I bounced around through various schools. Caltech, UCLA, and finally Berkeley, where I was in physics. I was pretty much self-supporting through undergraduate school. Student loans were not a concept then. When I graduated I said I am going to work for a year or so, to get enough money to pay for graduate school, and I will apply to various graduate schools along the way.

One day a friend came by and said: You know, Chuck, there’s an opening at Berkeley in the Genie Project. So I went and talked to the guy who managed the project — Mel Pirtle, and wound up working for them as a staff engineer. This was in 1968. What Genie had just finished was the 940 time-sharing system. They were augmenting it in various ways. I worked on various pieces, such as the printer controller, some modems, redoing the teletype channels.

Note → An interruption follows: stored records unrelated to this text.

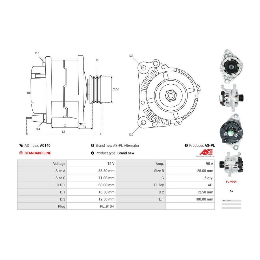 Tillverkare Tillverkare kod Pris AES 505.522.090.280 AES 505.522.090.010 ALANKO 10442239 AS-PL A0140 (denna produkt) AS-PL A0140 ASHIKA AL-144JM BORG & BECK BBA2391 BTS Turbo G100979 BTS Turbo G100408 BTS Turbo G106006 BTS Turbo G100407 CASCO CAL10107GS CASCO CAL10107OS CASCO CAL10107AS CEVAM 4500 COMLINE CAR-821148 CV PSH 505.522.090.280 CV PSH 505.522.090.215 CV PSH 505.522.090.340 CV PSH 505.522.090.210 CV PSH 505.522.090.010 DA SILVA 010201 Tillverkare Tillverkare kod Pris DIPASPORT ALT119N DRI 218163902 EAI 56791 ELSTOCK 28-3737 ERA 210254 ERA 210254A FISPA A12BH0080A2 HC-Cargo F 032 112 190 HERTH+BUSS ELPARTS 32042001 HOFFER H5510051 JAPANPARTS AL-144JM JAPKO AL-144JM KAMOKA 8620037 MEAT & DORIA 5510051 SIDAT A12BH0080A2 SNRA FI8052 TURBO MOTOR AL01874 VALEO 437672 VALEO 443186 WALKER WAL00620 WILMINK GROUP WG2174924 -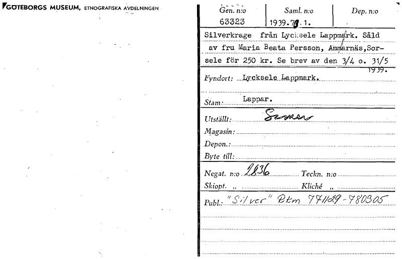 • FGOTEBORGS MUSEUM, ETNOGRAFISKA AVDELNINGEN Gert. n:o 6332.3 Saml. n:o 1939.73.1. Dep. n:o Silverkrage från Lycsele Lappmark. Såld av fru Maria Beata Persson, Annarnäs,Sor- sele för 250 kr. Se brev av... Visa hela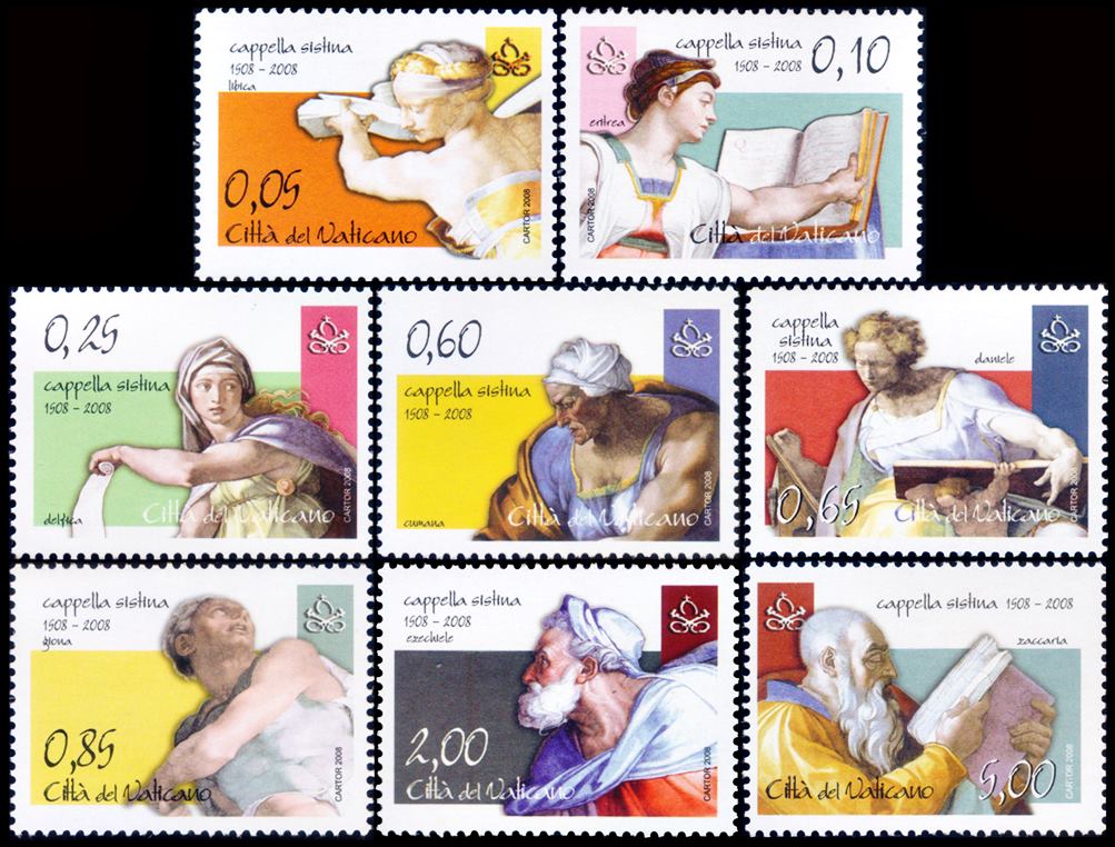 VATICANO/SELLOS, 2008 – FRESCOS DE LA CAPILLA SIXTINA – YV 1456/63 – 8 VALORES – MINT

Of course, I got totally sucked into computers. I had programmed a bit before, mostly in FORTRAN, for physics. The way I put it, I fell among bad companions: Pirtle, Wayne Lichtenberger, Butler Lampson, Peter Deutsch, a lot of very good people.

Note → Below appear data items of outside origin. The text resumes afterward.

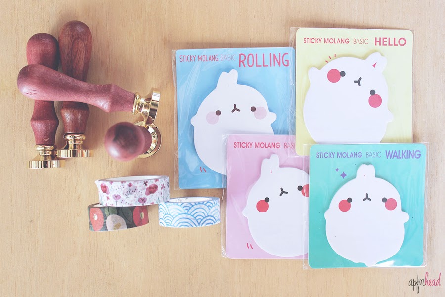 - Sellos lacre - Post-its Molang - Washi flores fondo negro - Washi Flores fondo blanco - Washi azul -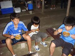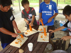燻製つくりとほぼ同時進行で夕食の準備に取り掛かりました。定番のカレーは食卓の味より野外の方が一層おいしく感じます。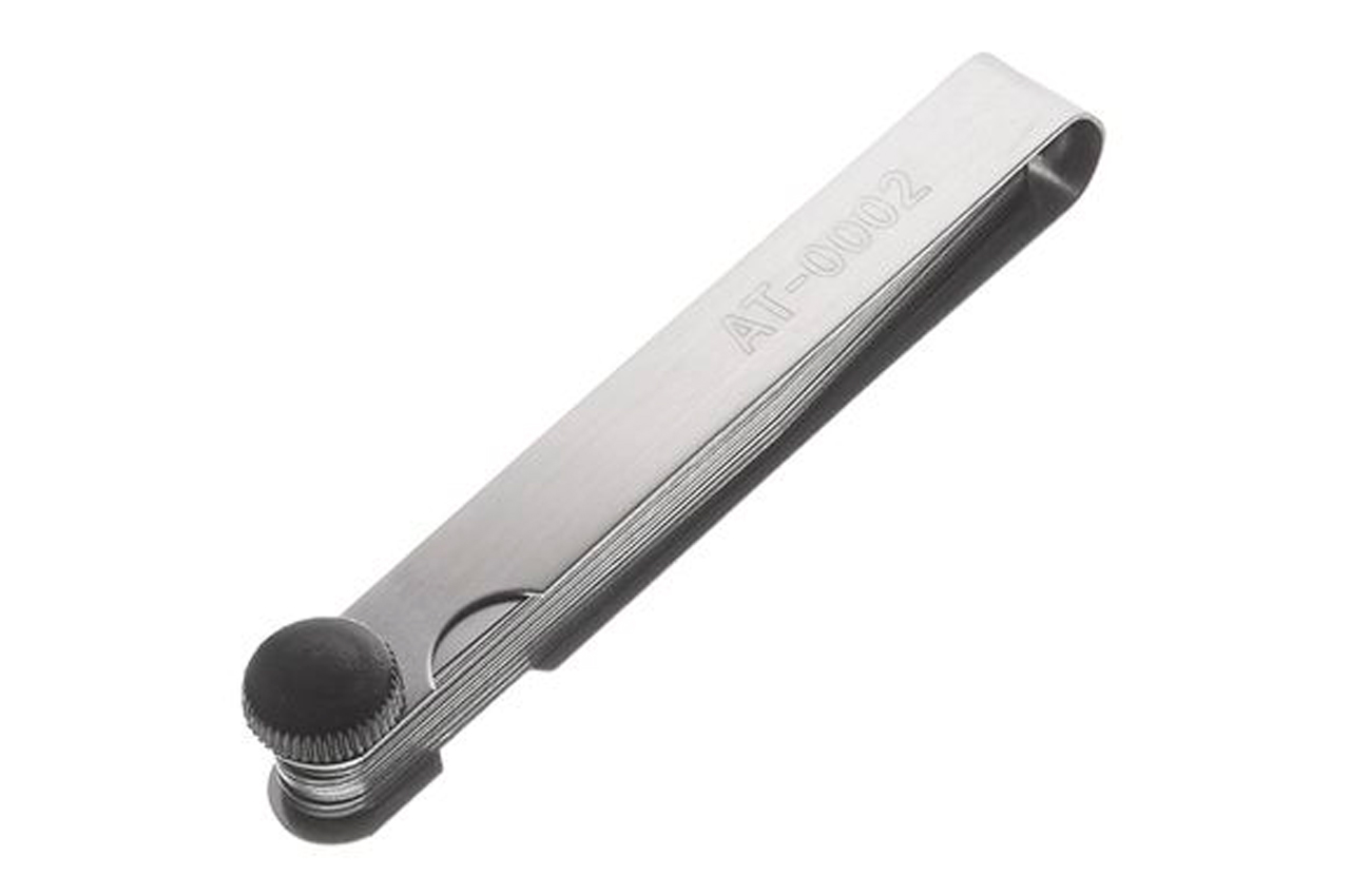 Щуп предназначен для точного измерения зазора между поверхностями, обладающими криволинейной формой. Щупы представляют собой латунные пластины. Всего - 20 сегментов толщиной от 0,05 до 1,0 мм.

We decided we could not do the follow-on machine, which was very large, in a university. Although we probably could get ARPA to pay for it — because at that time ARPA was a big spender, since Bob Taylor was running ARPA — the strictures of the university system would just not let us build something at that scale.

So we went to do a start-up, called Berkeley Computer Corporation (BCC). And we spent through 1970 building the machine. There was only one built, because the company could not get enough financing to make a big success out of it. But the final machine worked, and the company was dissolved. And the machine was sold to the University of Hawaii where it was the primary machine of the Computer Science Department for about 5 years. A lot of people went to this new research laboratory in Palo Alto, called PARC. I was actually one of the very first, because the hardware was working, so I didn’t have anything to do at BCC while the software people were finishing up the software. So I went to work for PARC.

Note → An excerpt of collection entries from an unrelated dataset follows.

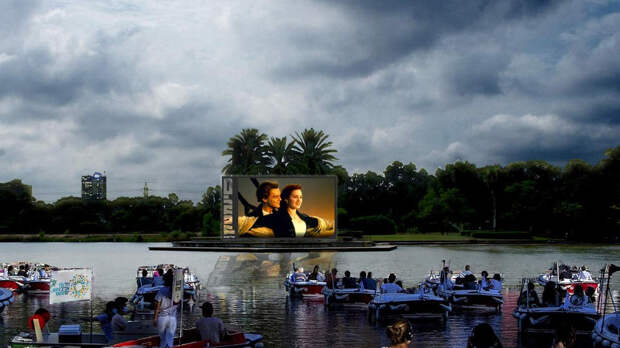 Экран и звукоаппаратуру установили на небольшом острове посреди искусственного озера.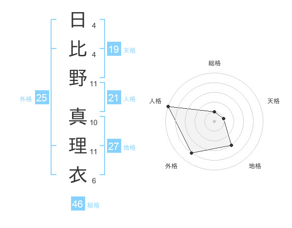日比野 真理衣さんを姓名の画数から五運を鑑定
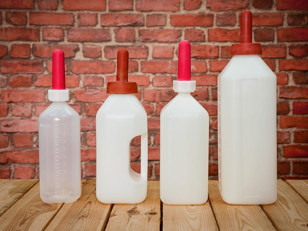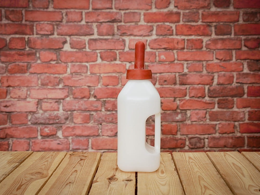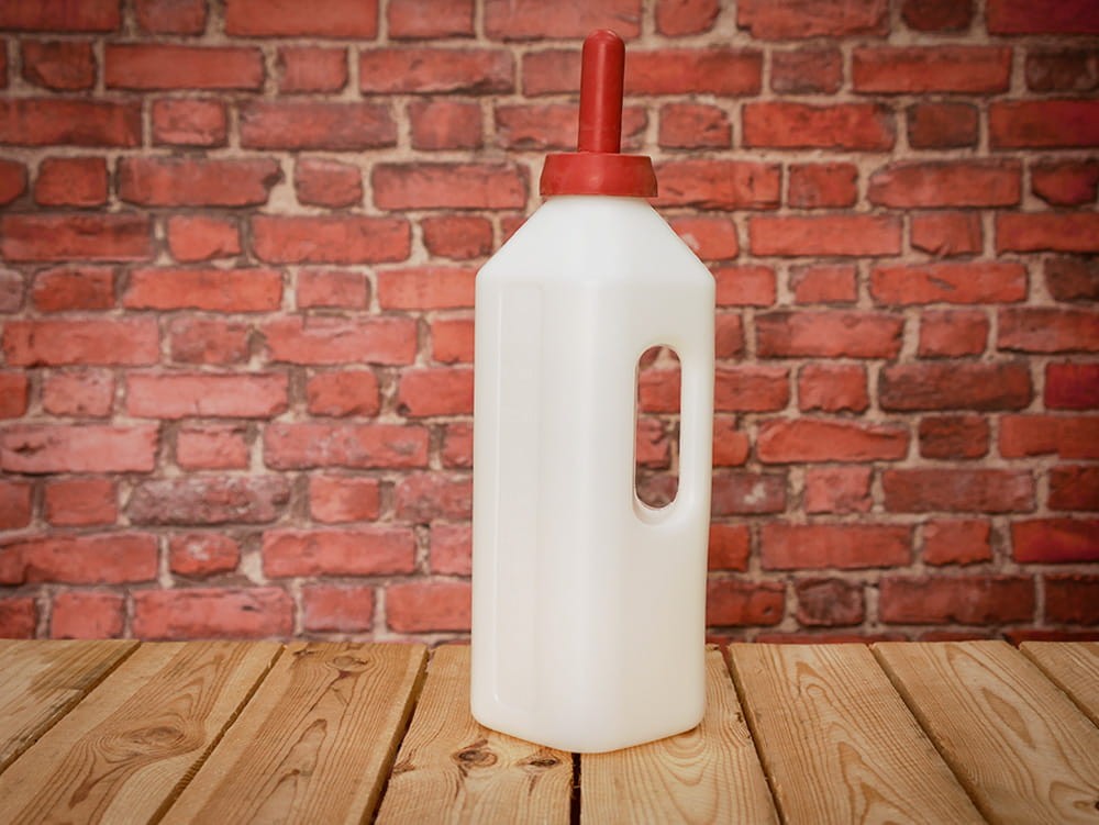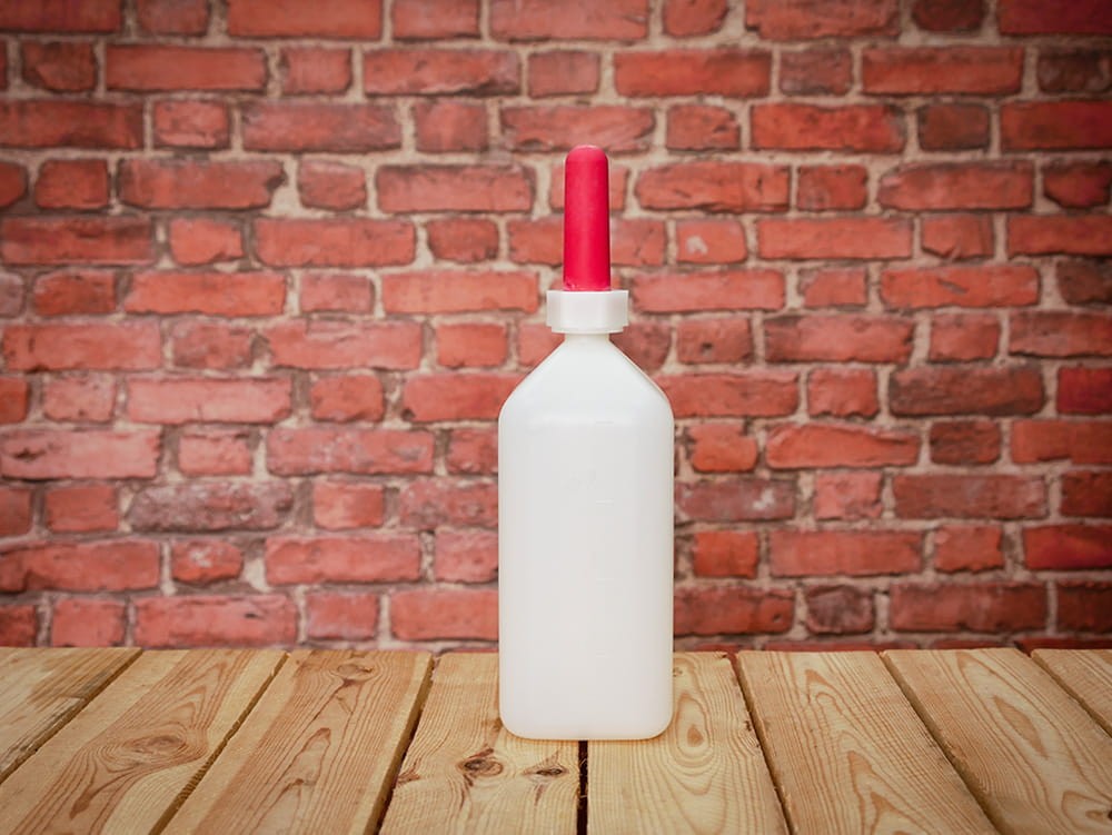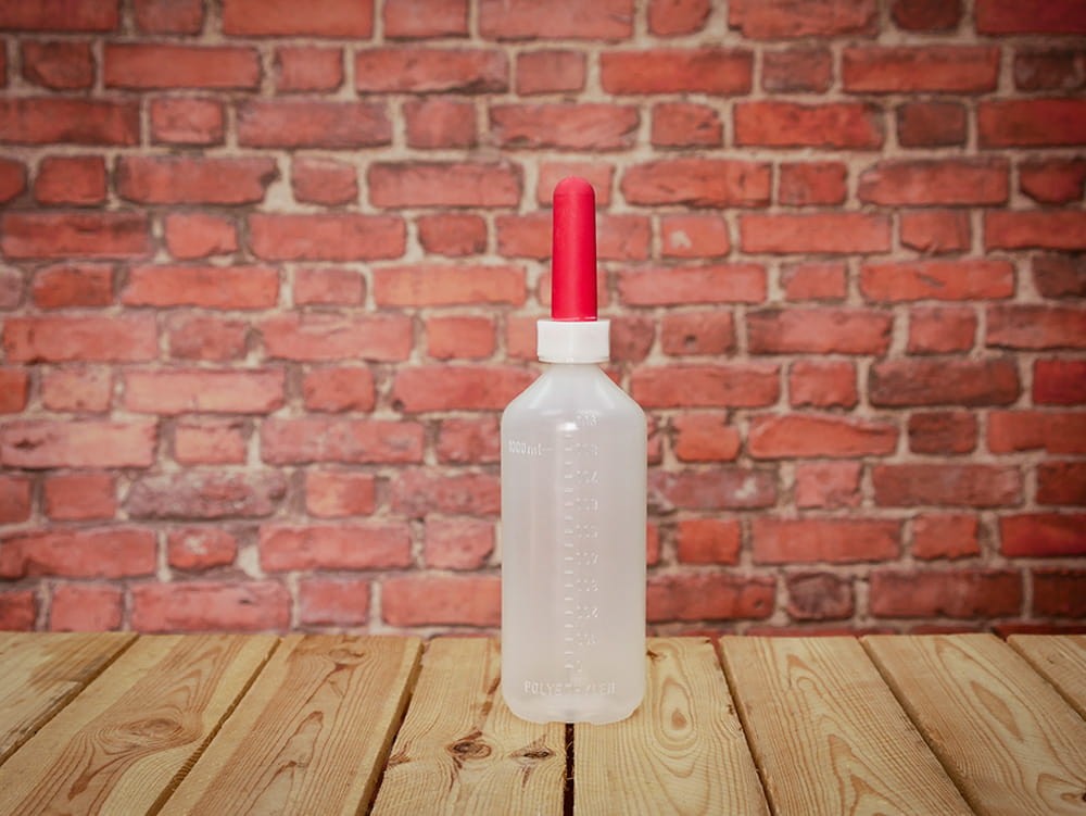 Fľaša s cumľom na dojenie teliat. S červeným cumľom a s mierkou na fľaši.

Q: You took advantage of Moore’s law even very early. For example, in the Alto you dedicated 3/4 of memory to the bitmapped display, although it was very expensive. However, can you point out some instances where Moore’s law enabled some capabilities which took you by surprise?

A: One of the things I did not anticipate very well was how far one could push CMOS technology. CMOS was great, it was much better than the original technology, which only had one kind of transistor, an n-channel transistor. Until 1990 I thought that other technologies, like Bipolar, or transistors made from materials like [atomic group] 3-5 oddball compounds, which are fundamentally better than Silicon in terms of performance, would still have a place. And today they don’t. The closest thing you have is Silicon on Germanium as an add-on process to Silicon. But CMOS has conquered the world. I did not anticipate that.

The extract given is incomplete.